A crypto-asset platform operator should maintain appropriate risk management and, where required by its business model, adequate insurance or equivalent financial protections for client-asset safekeeping risks such as cyber incidents, theft, fraud, and operational failures; current U.S. regulatory guidance emphasizes safe-and-sound operations and broader risk controls rather than a universal standalone insurance mandate.

The CBB expects the coverage to be commensurate with the scale and nature of the operator's business and the value of assets under custody. Specific monetary amounts are not typically fixed in the rulebook but are assessed on a case-by-case, risk-based approach.

**Robust Security:** Operators must implement robust security measures for the custody of crypto-assets (CRY-4.2.1).

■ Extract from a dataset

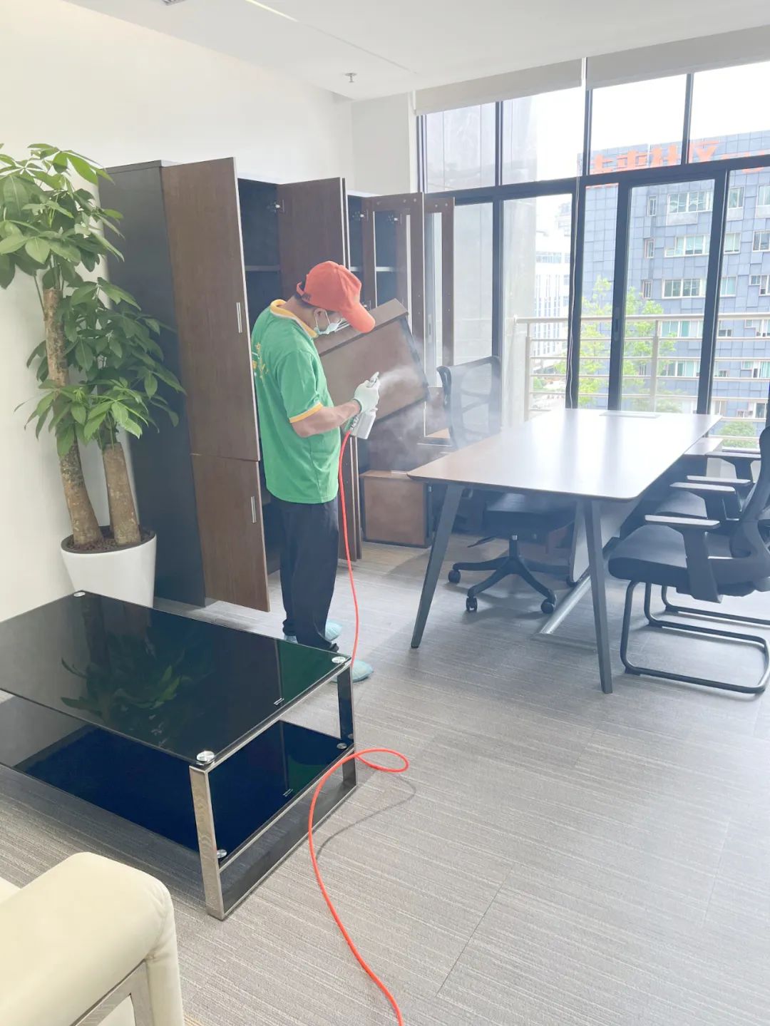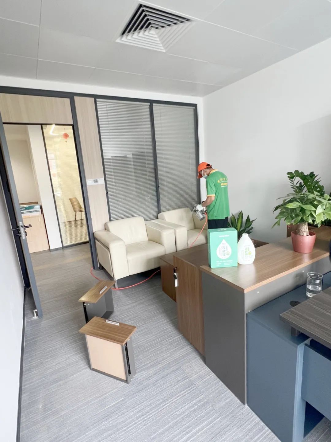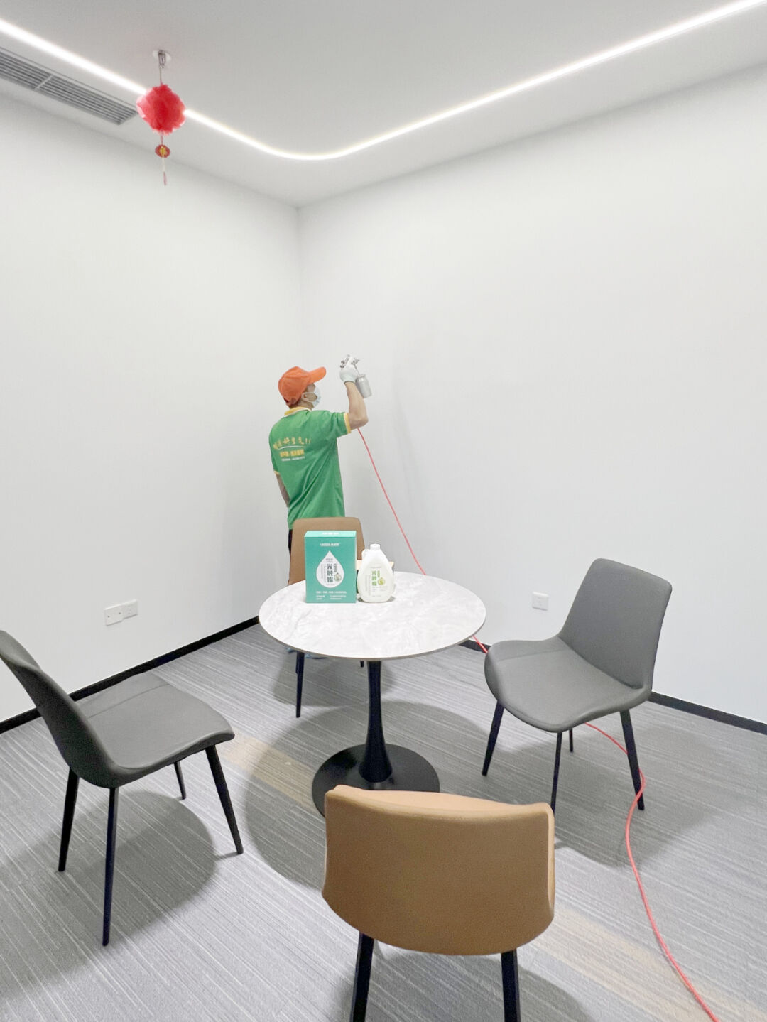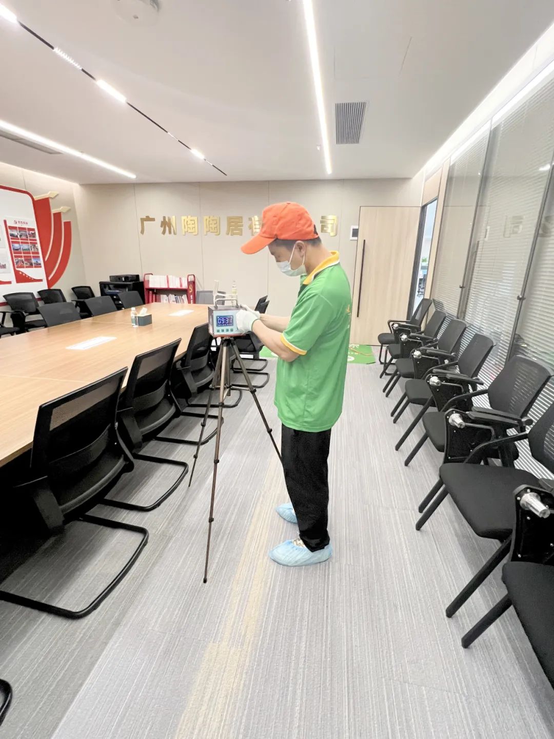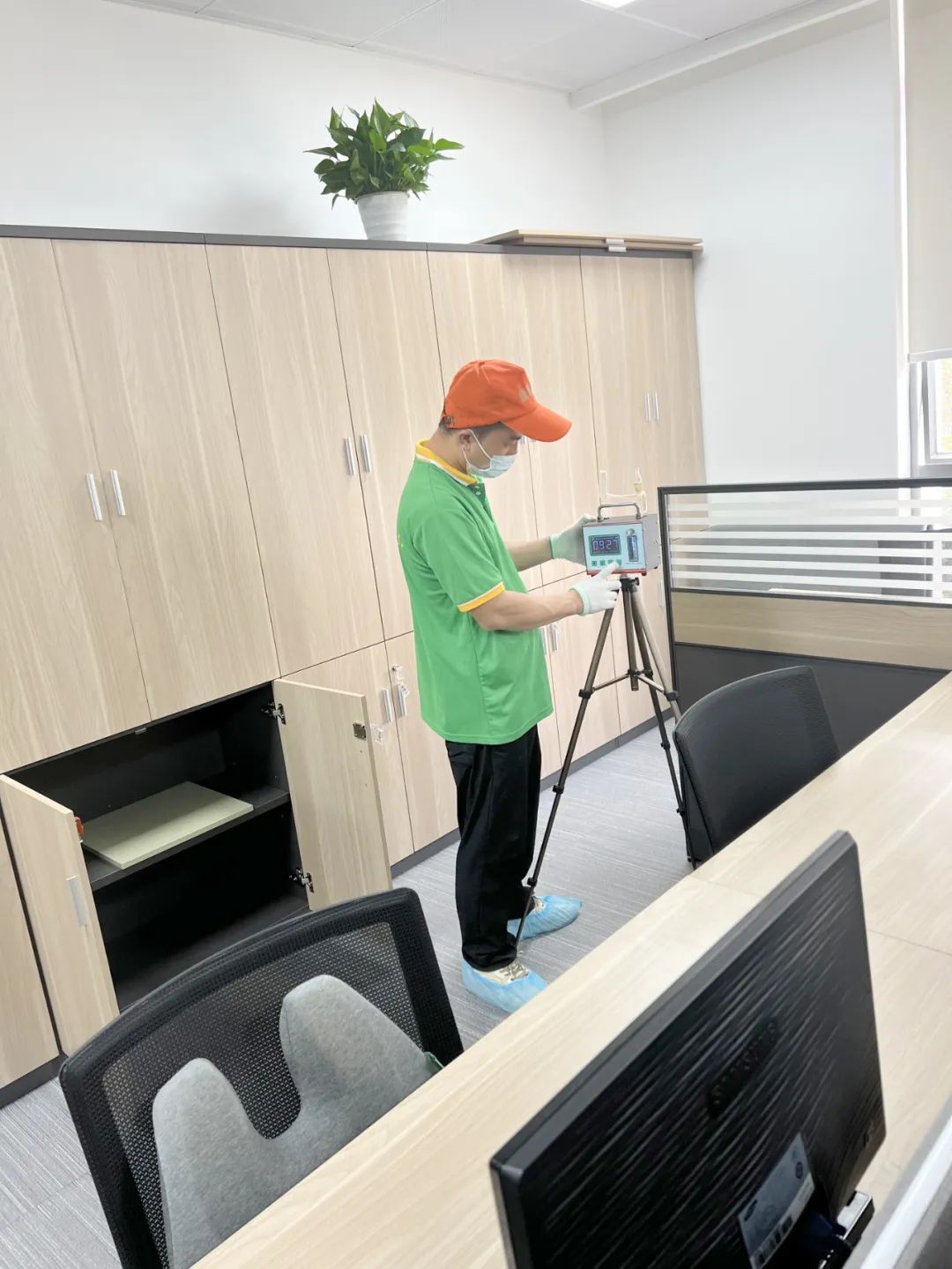 正式治理時(shí),綠居家工程師團(tuán)隊(duì)將裝了除醛產(chǎn)品的電動(dòng)噴槍,對(duì)準(zhǔn)辦公桌、辦公椅、沙發(fā)、柜子、天花等甲醛污染源進(jìn)行全方位噴涂,并且針對(duì)柜子這些甲醛重災(zāi)區(qū)還會(huì)再進(jìn)行加強(qiáng)治理,確保治理完成后甲醛、苯、TVOC等污染物降至國標(biāo)范圍。

**Significant Proportion in Cold Storage:** This includes the use of cold storage (offline storage) for a significant proportion of client assets (CRY-4.2.1).

**Policy & Procedures:** Operators are required to have documented policies and procedures for determining the appropriate proportion of assets to be held in cold storage, taking into account factors such as asset type, liquidity needs, and the overall risk profile (CRY-4.2.2).

**Key Management:** Secure key generation, storage, and management procedures are also critical (CRY-4.2.3).

**Module Reference:** Module CRY establishes the requirements.

In Bahrain, there is no specific "Class 4 Custody License" or "Module CRY" for crypto-assets. Crypto-asset custody is a regulated crypto-asset service under the Central Bank of Bahrain (CBB) Rulebook, Volume 6 – Crypto-Asset Module (CRA). Only entities holding a CBB crypto-asset service provider licence in the relevant category (e.g., Category 2 or Category 3, which explicitly include "crypto-asset custody") may legally provide custody of accepted crypto-assets within or from Bahrain. The CBB is the licensing and supervisory authority, and licensees must meet requirements on capital, governance, operational controls, cybersecurity, and client asset protection, but the law does not use the separate legal label "qualified custodian" nor a "Class 4 Custody License" for this purpose.

**Continuous Updates:** The CBB's approach is to regularly review and update its rulebooks. Any amendments or new directives would be communicated through CBB circulars or updates to the relevant modules (e.g., updates to Module CRY).